_Task goal_. Pictures stay out of the copy. Retype exactly the lines below from the one with "Espelkamp Breslauer Strasse" through the one with "Notre présentoir de".

-------- Material to process --------

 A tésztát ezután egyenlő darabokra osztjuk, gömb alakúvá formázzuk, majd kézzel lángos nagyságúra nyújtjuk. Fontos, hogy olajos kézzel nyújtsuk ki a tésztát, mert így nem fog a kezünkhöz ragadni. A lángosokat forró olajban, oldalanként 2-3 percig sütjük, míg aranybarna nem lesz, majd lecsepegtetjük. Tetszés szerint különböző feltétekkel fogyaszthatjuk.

--------
-------- Material to process --------

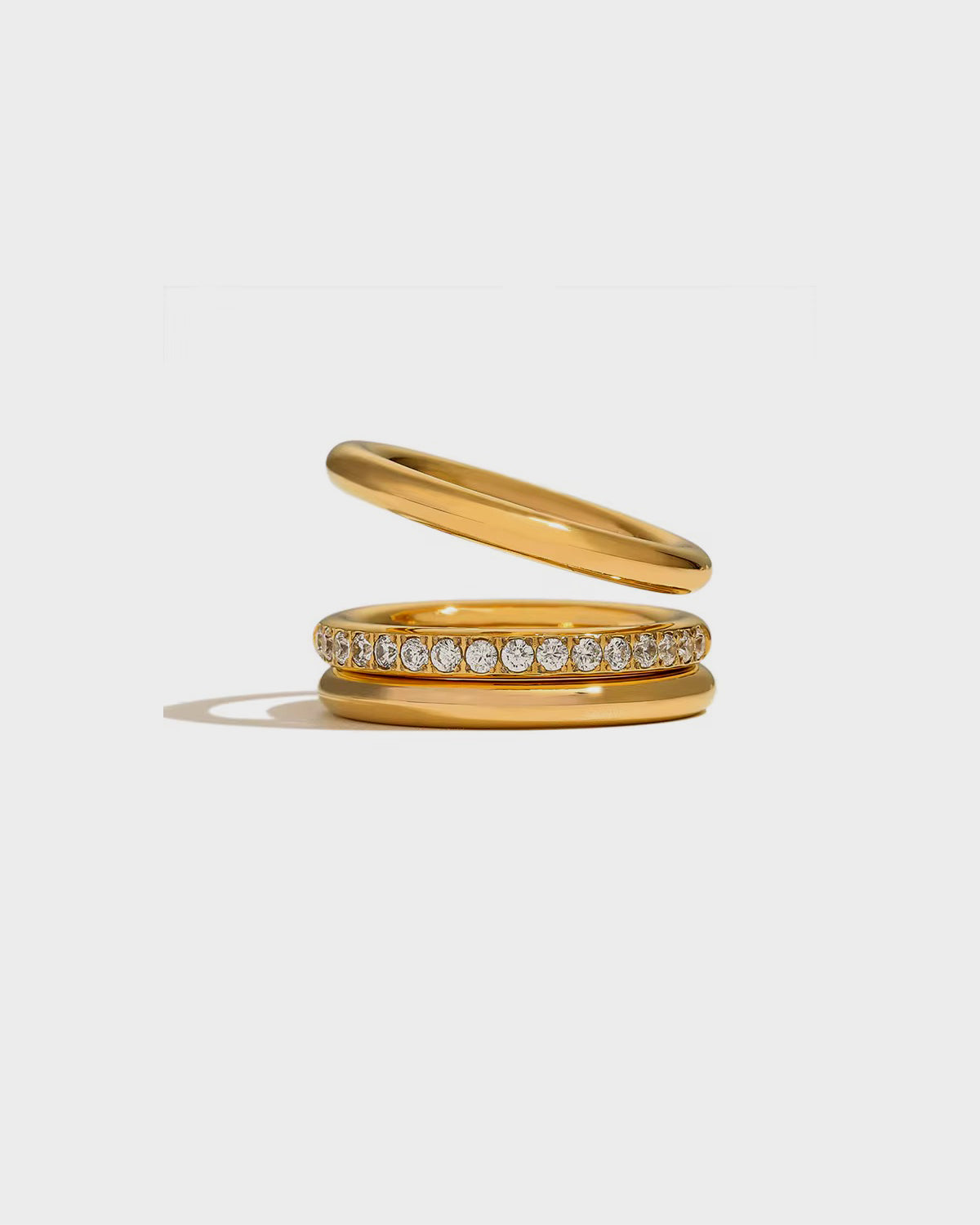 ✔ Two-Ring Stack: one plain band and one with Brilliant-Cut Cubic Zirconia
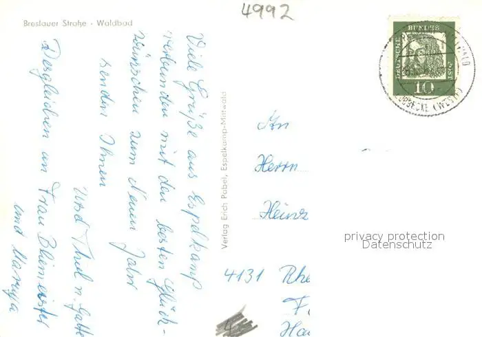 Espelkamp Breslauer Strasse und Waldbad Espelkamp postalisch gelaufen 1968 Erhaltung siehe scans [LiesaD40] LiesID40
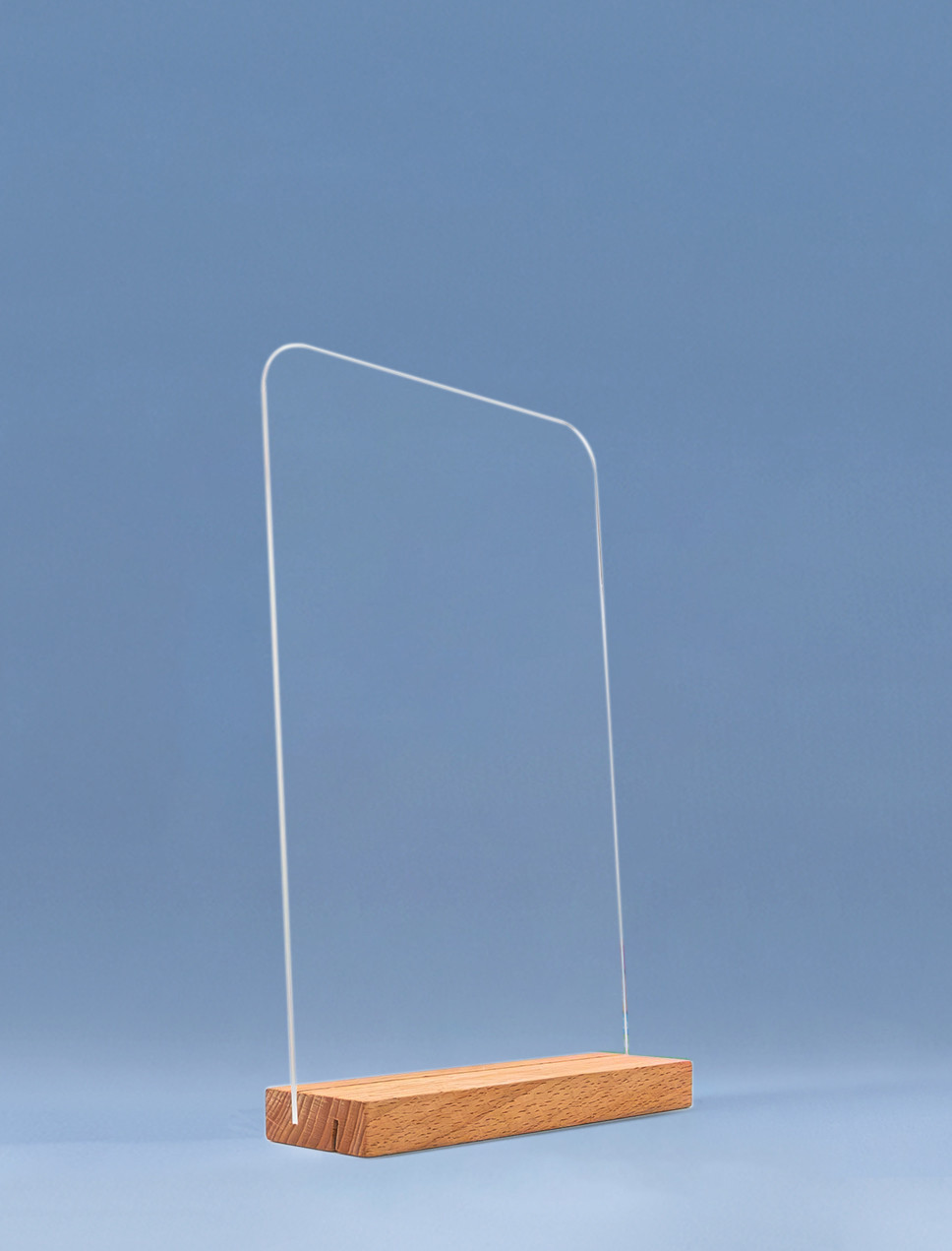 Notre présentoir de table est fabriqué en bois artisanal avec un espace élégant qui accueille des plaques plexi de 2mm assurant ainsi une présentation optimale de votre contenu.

--------
-------- Material to process --------

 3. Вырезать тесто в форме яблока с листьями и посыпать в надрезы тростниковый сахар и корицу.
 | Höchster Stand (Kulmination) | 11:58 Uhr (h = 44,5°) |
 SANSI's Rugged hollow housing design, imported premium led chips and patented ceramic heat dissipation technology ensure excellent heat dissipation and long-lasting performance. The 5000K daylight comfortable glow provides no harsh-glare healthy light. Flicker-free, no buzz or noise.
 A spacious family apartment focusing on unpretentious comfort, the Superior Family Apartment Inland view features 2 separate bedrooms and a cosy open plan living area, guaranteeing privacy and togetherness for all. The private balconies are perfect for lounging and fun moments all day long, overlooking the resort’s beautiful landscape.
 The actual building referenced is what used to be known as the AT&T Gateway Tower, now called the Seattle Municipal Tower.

--------

_Response below_.
 Espelkamp Breslauer Strasse und Waldbad Espelkamp postalisch gelaufen 1968 Erhaltung siehe scans [LiesaD40] LiesID40
 Notre présentoir de table est fabriqué en bois artisanal avec un espace élégant qui accueille des plaques plexi de 2mm assurant ainsi une présentation optimale de votre contenu.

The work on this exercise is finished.